Lecture 11: Navigating XML using XPath

Title slide

Slides : Recording

Once we have some semistructured data gathered into an XML tree, we might want to find information within it. For small XML documents we can just look at it, or use text search; for large and very large documents there are dedicated query languages. Today’s lecture presented one of them: XPath, the XML Path Language. As well as being a query language in its own right, XPath is also a key component of many other XML and web technologies, where it is used to navigate around documents.

As a path language, XPath describes a possible route through an XML tree. As a query language, XPath returns the set of endpoints of all such paths. This step from an individual run to considering all possible runs is crucial in raising the level of abstraction and allowing us to think bigger thoughts. It also introduces the new challenge of finding efficient ways to compute the answers to these higher-level queries.

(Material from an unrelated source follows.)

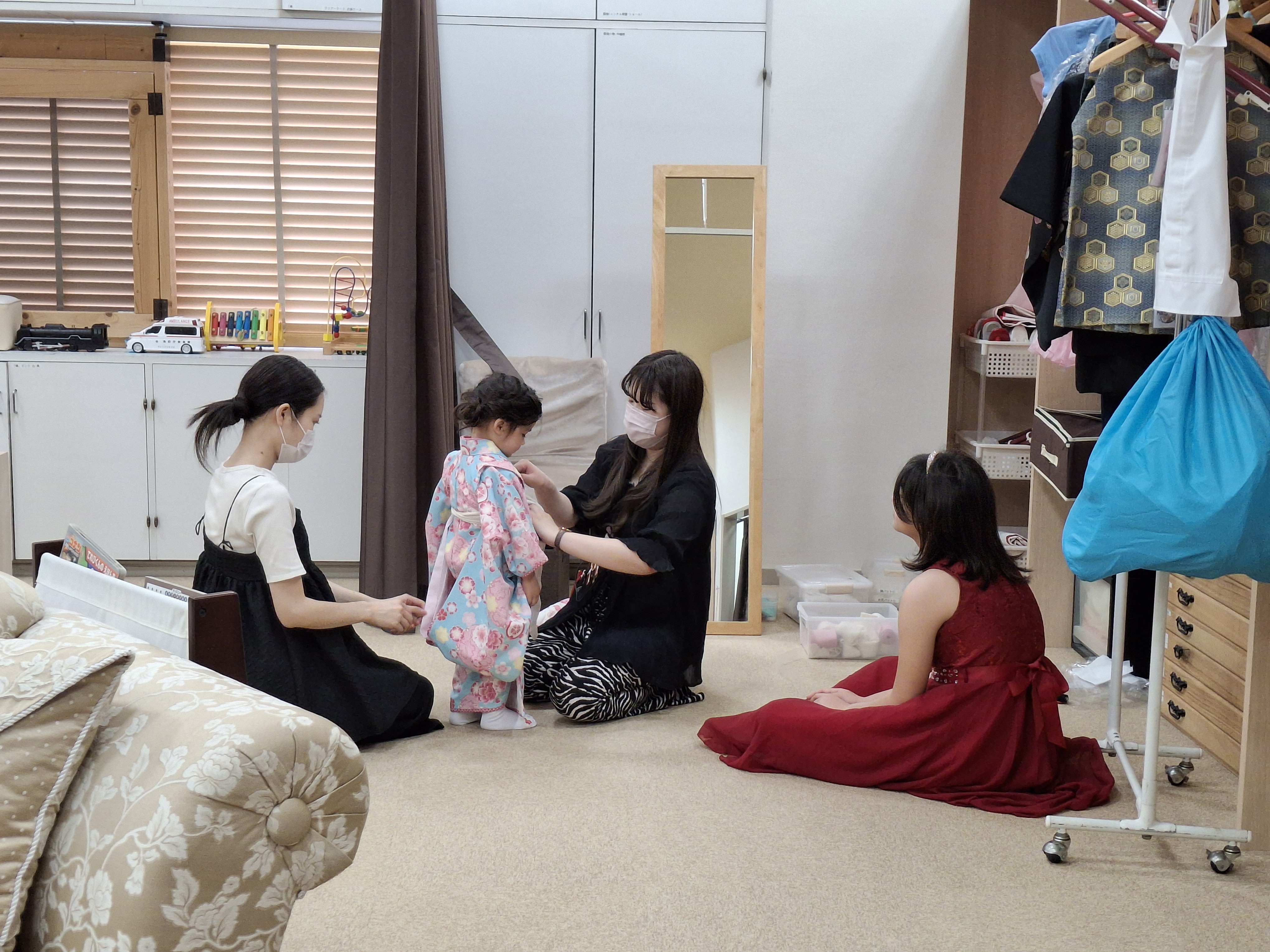 I went to a hair salon in the morning and took family photos in the afternoon. Now my hair color is pink.
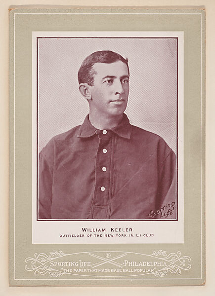 William Keeler from Sporting Life Cabinets (W600). Issued from 1902 to 1911 by Sporting Life Newspaper Company, Philadelphia. Set consists of over 680 unnumbered cards. Player portraits are by photographer Carl Horner. Black and white or color tinted player photo. Player's name, position and team printed below studio portrait. Player shown either in uniform or in street clothes. Mounted on a thick cardboard frame. Issued in individual glassine envelopes. Ornately embossed mounts found in one of four design variations. Blank back. Sponsor ad stamped on back of some cards.

I also reviewed the comments from mid-semester feedback sheets, presented the XML side of the Path timetable browser, and gave a short history of character sets from ticker-tape machines through teletypes to Unicode.

Links: Slides for Lecture 11; Recording


1. Read This

Background preparation for Friday’s lecture:

McEnery and Wilson. What is a corpus and what is in it?
Chapter 2 of Corpus Linguistics.
Second edition, Edinburgh University Press, 2001.

Section 2.2.2 is optional: the technologies it describes in detail have since transformed into the XML we now use. That leaves the parts before and after — read Sections 2.1, 2.2, 2.2.1, 2.3 and 2.4.

I’ve sent this round to all students by email, distributed copies in the lecture, and a few are still available outside the ITO.

2. Do This

Start on the Tutorial 5 exercises as soon as you are done with Tutorial 4. In these you use the xmllint command-line tool to check validity of XML against a DTD and run your own XPath queries.